Dispõe, por seu turno, o artigo 26.º do mesmo diploma:
1 - Em caso de incumprimento com negligência do dever referido no n.º 1 do artigo 24.º, o segurador pode, mediante declaração a enviar ao tomador do seguro, no prazo de três meses a contar do seu conhecimento:
a) Propor uma alteração do contrato, fixando um prazo, não inferior a 14 dias, para o envio da aceitação ou, caso a admita, da contraproposta;
b) Fazer cessar o contrato, demonstrando que, em caso algum, celebra contratos para a cobertura de riscos relacionados com o facto omitido ou declarado inexactamente.
2 - O contrato cessa os seus efeitos 30 dias após o envio da declaração de cessação ou 20 dias após a recepção pelo tomador do seguro da proposta de alteração, caso este nada responda ou a rejeite.
3 - No caso referido no número anterior, o prémio é devolvido pro rata temporis atendendo à cobertura havida.
4 - Se, antes da cessação ou da alteração do contrato, ocorrer um sinistro cuja verificação ou consequências tenham sido influenciadas por facto relativamente ao qual tenha havido omissões ou inexactidões negligentes:
a) O segurador cobre o sinistro na proporção da diferença entre o prémio pago e o prémio que seria devido, caso, aquando da celebração do contrato, tivesse conhecido o facto omitido ou declarado inexactamente;
b) O segurador, demonstrando que, em caso algum, teria celebrado o contrato se tivesse conhecido o facto omitido ou declarado inexactamente, não cobre o sinistro e fica apenas vinculado à devolução do prémio”.
Na sequência do óbito de CC, o autor, na qualidade de sucessor por morte daquele, demandou judicialmente a Ré seguradora para dela exigir a prestação que entende ser-lhe devida, decorrente da celebração do contrato se seguro aqui em análise, recusando a demandada a satisfação da prestação reclamada com fundamento na invalidade do contrato de seguro em virtude de informações inexactas prestadas pela pessoa segura e de cujo conhecimento dependia, por parte da seguradora, a avaliação do risco a cobrir pelo seguro.

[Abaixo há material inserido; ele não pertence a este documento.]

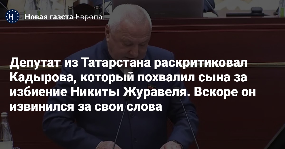 Депутат Госсовета Татарстана из фракции «Единой России» Азат Хамаев раскритиковал главу Чечни Рамзана Кадырова за то, что его 15-летний сын Адам избил арестованного и получил звание героя. А затем извинился перед коллегами, передает государственное агентство «Татар-Информ».

Refira-se que o aludido contrato de seguro foi celebrado nos termos e condições fixados na respectiva apólice, após a seguradora ter avaliado os riscos decorrentes da sua celebração em função das respostas fornecidas no questionário relativo à saúde do segurado, que respondeu negativamente a todas as questões relacionadas com específicas patologias de que pudesse eventualmente ser portador.
Como se afirma no Acórdão do Supremo Tribunal de Justiça de 06.07.2011[14], reportando-se às perguntas colocadas ao aderente ao contrato de seguro do ramo vida, “…estão em causa as respostas a um “questionário”, repositório das declarações da pessoa segura, declarações em que a seguradora deve confiar e em função das quais aceita ou não o contrato e fixa as respectivas condições”.
De facto, é por meio desse questionário que a seguradora define as condições para o assumir do risco que o contrato de seguro visa acautelar e é com base nas respostas obtidas que forma a sua vontade de aceitar ou não esse risco, e, aceitando-o, as respectivas condições.
As respostas a tal questionário integram-se, pois, no processo formativo do contrato, delas dependendo não só os termos contratuais, mas, mais do que isso, a própria decisão de concluir o mesmo.
As exigências de boa fé na formação do contrato impõem respostas exactas e verdadeiras ao referido questionário.
Como salienta Moitinho de Almeida[15], sobre o tomador do seguro recai “o dever de declaração do risco, pois, se não completar a declaração realizada por quem fez o seguro, tendo conhecimento de factos ou circunstâncias que teriam podido influir sobre a existência ou condições do contrato, perde o direito à prestação do segurador. Deve, porém, entender-se que este dever só recai sobre o segurado se este tiver conhecimento do seguro e da omissão ou inexactidão da declaração de risco do tomador, pois de outro modo é impossível o cumprimento”, tendo, por conseguinte, “a obrigação de declarar o que deve conhecer, em termos de normalidade de vida”[16].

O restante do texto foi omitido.